Grand Pré National Historic Site of Canada

The Deportation

Through this difficult period, most Acadians adhered to the policy of neutrality, which had been recognized by the Nova Scotia authorities in a qualified oath of allegiance sworn before Governor Philipps in 1729 and 1730. In 1755, on the eve of the Seven Year War, the acting governor and the Council of Nova Scotia decided to force the Acadians to take the standard unqualified oath, and, if they refused, to deport them. The Acadian representatives did refuse.

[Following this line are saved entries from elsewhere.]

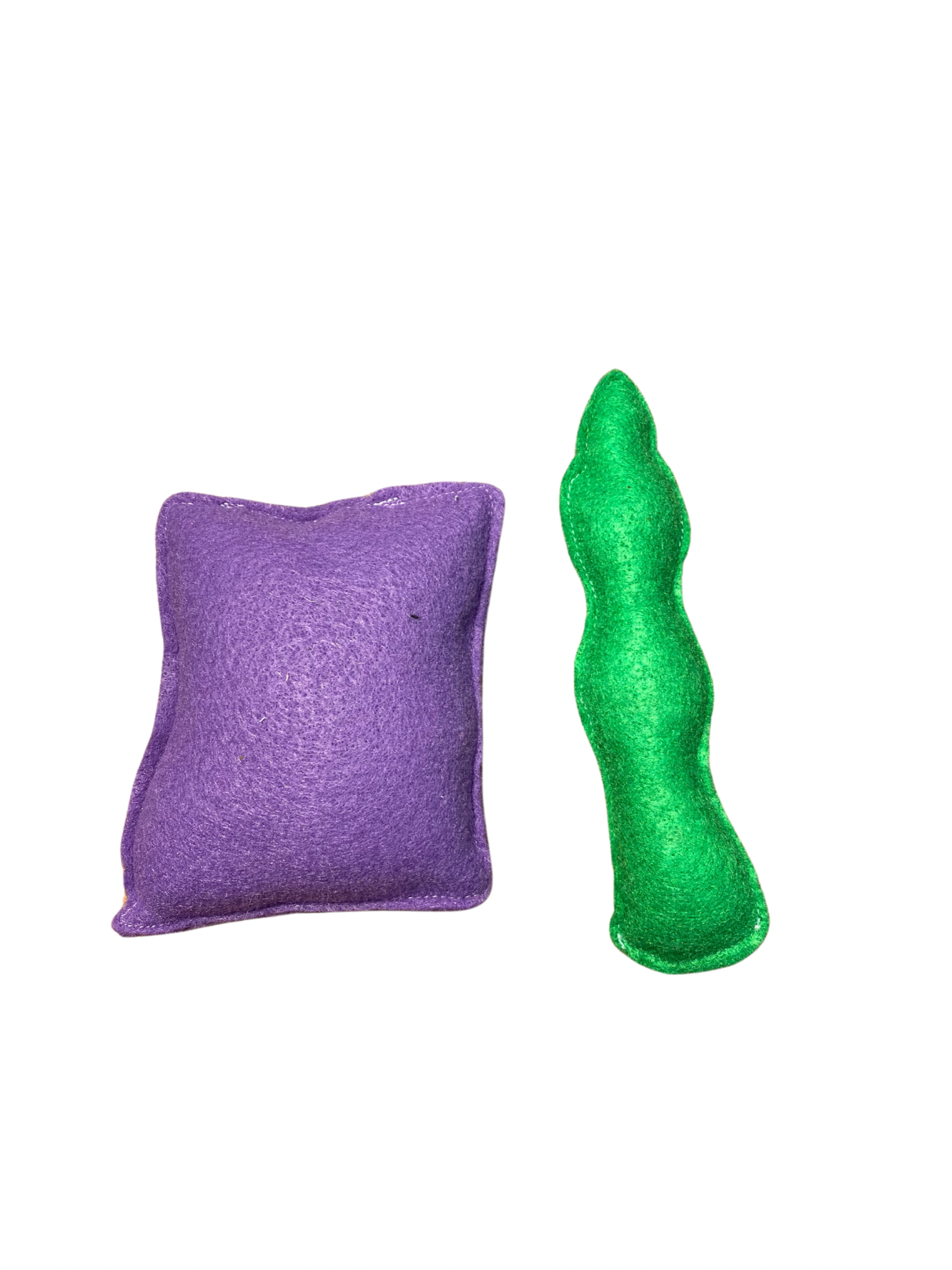 • made from felt, and filled with polyfil stuffing and catnip/ silver-vine mix
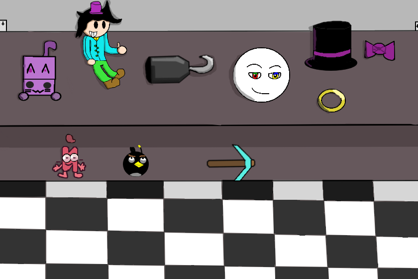 вижу крюк Фокси, шляпу и гластук-бабочку Фредбера, Нептуна (ютубера), алмазную кирку из Майкрафта, живую букву (ИНМТ), Сердитую Птичку (бомбу)
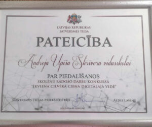 Priecājamies par skolēnu azartu un vēlmi piedalīties intelektuāla rakstura konkursos, tādejādi pierādot, ka Andreja Upīša Skrīveru vidusskolā veidojas erudītas un daudzpusīgas personības.
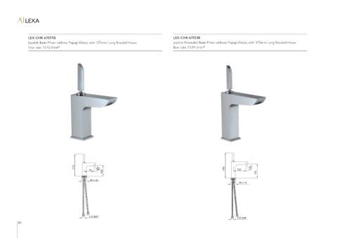 Joystick Basin Mixer without Popup Waste, with 375mm Long Braided Hoses Joystick Extended Basin Mixer without Popup Waste, with 375mm Long Braided Hoses
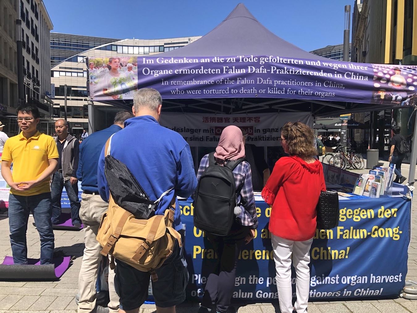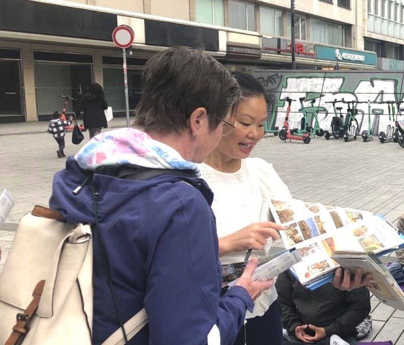 ![]() 图1:二零二四年六月九日,民众在杜塞尔多夫真相点为反迫害签名。 |
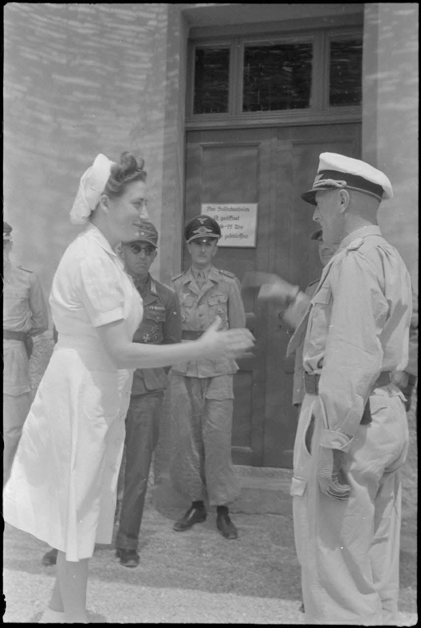 Au foyer du soldat (Soldatenheim) de Skaramangas où est basé le 1er groupe du Seeaufklärungsgruppe 126, une infirmière est mis à l'honneur.
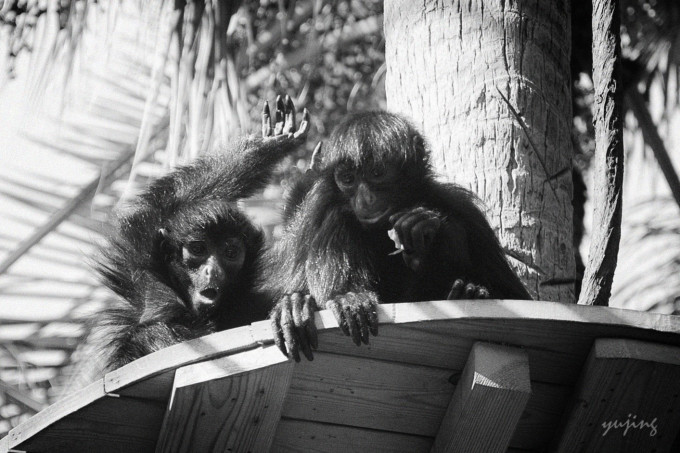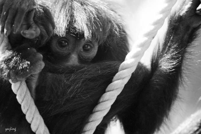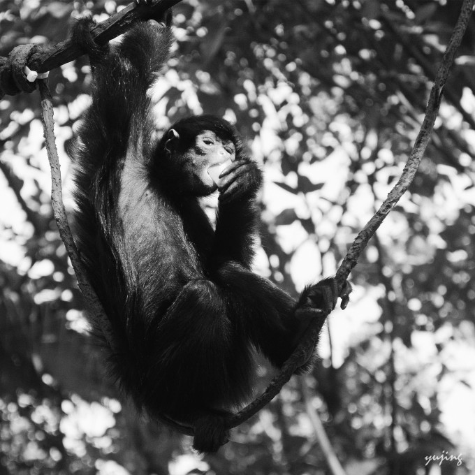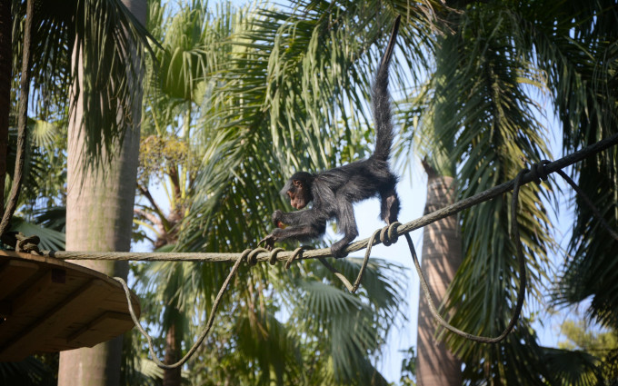 黑蜘蛛猴,阔鼻猴类,身体瘦小、苗条,体态轻盈。
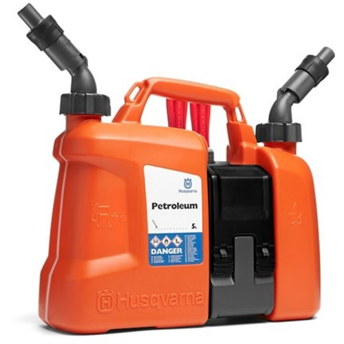 Volymförhållandet mellan bränsle och kedjeolja har optimerats så dunken rymmer 5 liter bränsle och 2,5 liter kedjeolja. Godkänd enligt UN rekommendationer. Färg: orange.
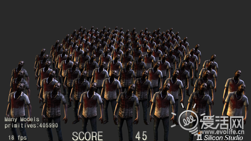 DEAD PARKING:测试表现大量多边形复数3D角色时GPU性能,以及3D角色动作时的CPU性能,还有阴影条件下GPU性能。该项目所用3D建模多边形数量达到24只僵尸同时出现时一只僵尸2000个,主人公有3300个,背景则有1万3000个。
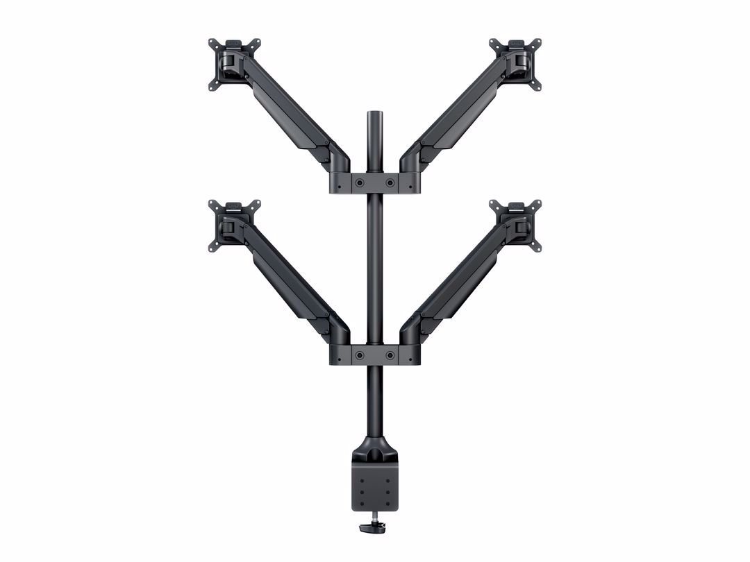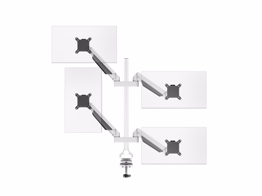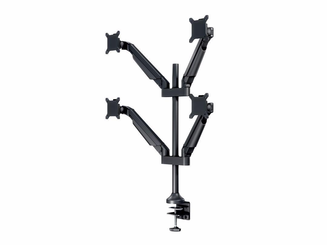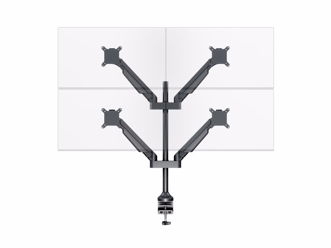 The M Vesa Gas Lift Arm Quad holds to your standard workdesk (max 50mm), or assemble it using a workdesk thru hole technique.
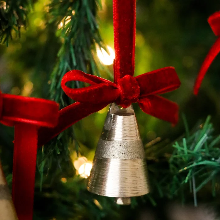 Decorate your tree in true traditional Christmas style with the Velvet Ribbon Medium Bell from the Beige & Stone Christmas collection. Dimensions:; Ribbon: 12 cm ; Gold bells: H: 5 cm ; It is made of velvet ribbon and brass bell.
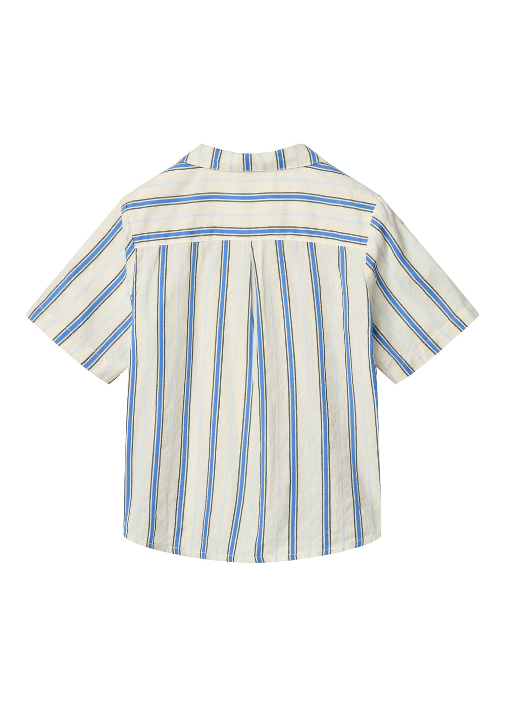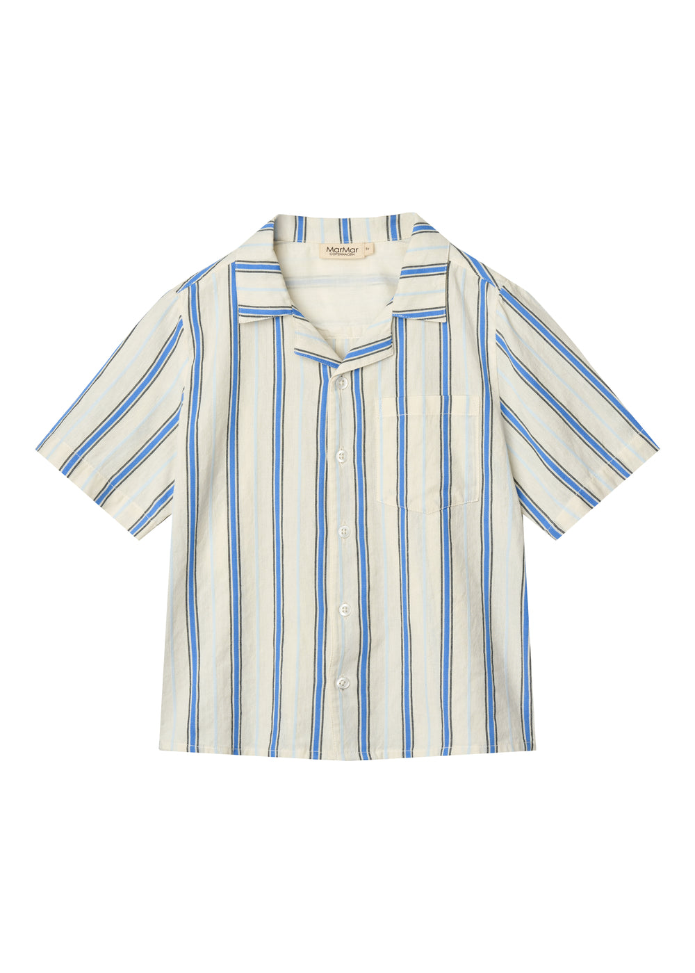 Kortærmet skjorte med fine striber, krave, knaplukning og en lille lomme foran. Skjorten er i en let og blød bomulds kvalitet

Stain glass window depicting the Deportation of the Acadians of 1755 in the commemorative church at Grand-Pré.
Stain glass window depicting the Deportation of the Acadians of 1755 in the commemorative church at Grand-Pré.
© François Gaudet, 2000

Lieutenant-Colonel John Winslow from New England was placed in charge of the Deportation from the area of Les Mines. In all, some 2,200 Acadian men, women and children were deported from Les Mines, about a third of the nearly 6,000 Acadians deported from Nova Scotia in 1755.

In 1764, the British authorities finally permitted Acadians to return to Nova Scotia. Their former lands, however, had been settled by New England Planters in the intervening years. Acadians were forced to settle elsewhere in Nova Scotia, New Brunswick, Prince Edward Island and Québec.